# [SUPPLIED INFORMATION]

----

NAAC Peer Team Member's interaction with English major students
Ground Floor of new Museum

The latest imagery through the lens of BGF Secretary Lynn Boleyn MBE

----

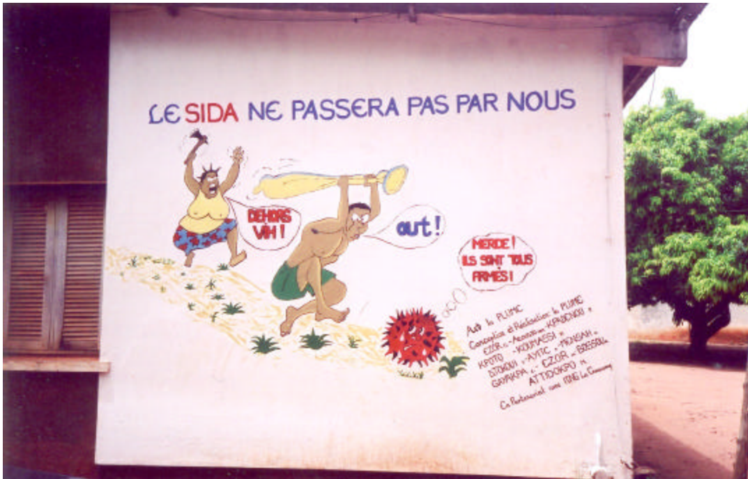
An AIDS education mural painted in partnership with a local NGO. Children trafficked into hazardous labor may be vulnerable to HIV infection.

----

# [TASK DIRECTIONS]
Word for word, restate the lines of the data above that fall between the line holding "NAAC Peer Team" and the line holding "The latest imagery", inclusive, and no other lines.

# [SOLUTION FOR THIS TASK]
NAAC Peer Team Member's interaction with English major students
Ground Floor of new Museum

The latest imagery through the lens of BGF Secretary Lynn Boleyn MBE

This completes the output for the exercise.